JAKARTA, KOMPAS.com - Kasus kekerasan dalam rumah tangga (KDRT) yang
dilakukan S (56) terhadap istrinya, FN (45), di Palmerah, Jakarta Barat, berujung damai. Pasangan suami istri (pasutri) tersebut berdamai setelah dimediasi oleh polisi. Korban juga didesak sang anak untuk memaafkan pelaku. "Karena pertimbangan kemanusiaan dan masih ada suatu ikatan pernikahan, maka kedua belah pihak mengajukan restorative justice," ujar Kapolsek Palmerah Kompol Dodi Abdulrohim kepada wartawan, Kamis (12/1/2023). Dodi menjelaskan, KDRT itu terjadi di Kota Bambu Utara, Kecamatan Palmerah, pada Sabtu (31/12/2022). Kasus tersebut bermula ketika pelaku berada di warungnya, lalu didatangi oleh korban. Mereka kemudian adu mulut hingga didengar oleh warga sekitar. "Korban merusak dagangan suaminya dan suaminya ini marah terus mukul korban," jelas Dodi. Akibat kejadian tersebut, korban mengalami luka lebam di wajah usai dipukul oleh suaminya dengan tangan kosong. S memukul istrinya di depan sang anak. Tak terima dengan perlakuan suaminya, FN kemudian melaporkan kejadian itu ke Polsek Palmerah. Namun, polisi mengupayakan mediasi berdasarkan kesepakatan antara korban dan pelaku. Usai dimediasi, pasutri itu memilih menyelesaikan masalah mereka secara kekeluargaan. Korban mencabut laporan dengan pertimbangan bahwa mereka masih memiliki ikatan pernikahan secara siri.
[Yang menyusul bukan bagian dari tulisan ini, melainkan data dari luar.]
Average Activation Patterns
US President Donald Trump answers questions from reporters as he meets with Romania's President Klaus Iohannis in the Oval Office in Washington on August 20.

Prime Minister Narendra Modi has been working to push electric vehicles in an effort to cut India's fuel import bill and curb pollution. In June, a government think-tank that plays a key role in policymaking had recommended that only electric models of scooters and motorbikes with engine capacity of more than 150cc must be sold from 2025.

Selain itu, korban juga mendapat desakan dari anak agar memaafkan pelaku. Kini pelaku sudah dipulangkan ke rumahnya dan berjanji kepada korban tidak akan mengulangi perbuatannya. Komitmen itu dibuat dalam bentuk surat perjanjian. Jika kasus itu terulang, korban akan memproses secara hukum demi memberi efek jera kepada pelaku. Dodi menegaskan, KDRT itu hanya dilakukan pelaku kepada istrinya. "Anaknya enggak (dianiaya)," kata Dodi. SUDUT PANDANG BIDAN Korban Kekerasan Dalam Rumah Tangga (KDRT) dinilai sangat memerlukan pendampingan dari tenaga kesehatan. Peran tenaga kesehatan sangat penting untuk untuk penanganan yang lebih mendalam pada korban. Yang dibutukan korban kekerasan adalah tenaga kesehatan. diperlukan penyelaras kebutuhan penanganan korban kekerasan sesuai undang-undang nomor 36 Tahun 2014, yang salah satu isinya mengatur tenaga kesehatan pada KDRT.
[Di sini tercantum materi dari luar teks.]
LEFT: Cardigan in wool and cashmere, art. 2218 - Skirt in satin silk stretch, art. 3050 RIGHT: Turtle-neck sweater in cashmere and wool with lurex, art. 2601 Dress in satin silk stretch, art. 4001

Tenaga kesehatan dalam penangan kasus kekerasan dimulai dari pencegahan,
penanggulangan hingga pemulihan korban kekerasan. Contoh kasus pemerkosaan atau kekerasan terhadap anak akan dirujuk ke Puskesmas terdekat terlebih dahulu, dengan begitu Puskesmas akan menjadi ujung tombak. Perlu digaris bawahi jika tenaga kesehatan berperan penting dalam penanganan kasus kekerasan, maka dari itu perlunya meningkatkan komunikasi inter personal dalam pendampingan korban.
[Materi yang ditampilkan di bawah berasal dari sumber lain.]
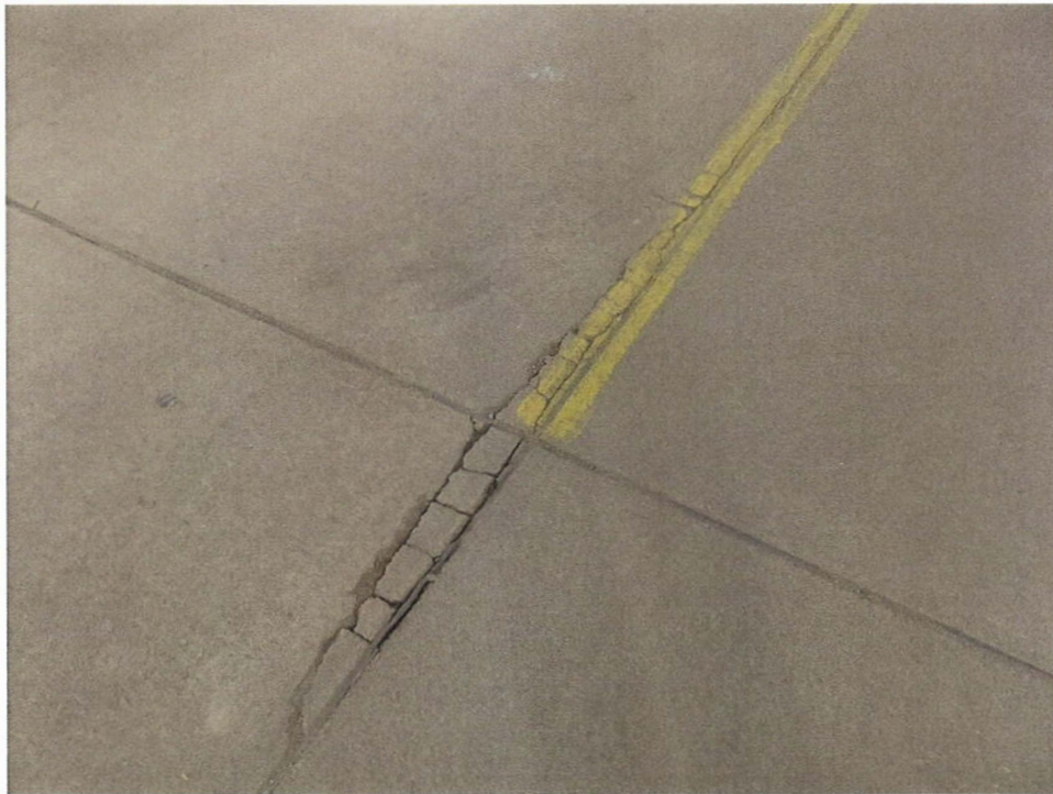
Photo 16 - Example of Spalled Concrete Along Joint Edge in Lower Level

Peran Bidan dalam menangani masalah kekerasan terhadap perempuan adalah:
1. Memahami masalah kekerasan terhadap perempuan dan ketidak berdayaan
korban, yang berpengaruh terhadap kesehatan reproduksi perempuan. 2. Dapat memberikan penyuluhan tentang berbagai bentuk penyalahgunaan atau kekerasan terhadap pasangan tidak dapat diterima dan karena nya tidak ada perempuan yang pantas untuk dipukul, dipaksa dalam berhubungan seksual atau didera secara emosional. 3. Dapat melakukan anamnesis/bertanya kepada korban tentang kekerasan yang dialami dengan cara simpatik, sehingga korban merasa mendapat pertolongan. 4. Dapat memberikan rasa empati dan dukungan terhadap korban. Dapat memberikan pelayanan medis, konsseling, visum, yang sesuai dengan kebutuhan, merujuk ke fasilitas yang lebih memadai dengan cepat dan tepat. 5. Memberikan pelayanan keluarga berencana dan pelayanan kesehatan reproduksi lainnya sesuai dengan kebutuhan, serta mencegah dampak serius terhadap kesehatan reproduksi korban. 6. Dapat mengindentifikasi korban kekerasan dan dapat menghubungkan mereka dengan pelayanan dukungan masyarakat lainya misalnya politik LSM dan bantuan lainnya.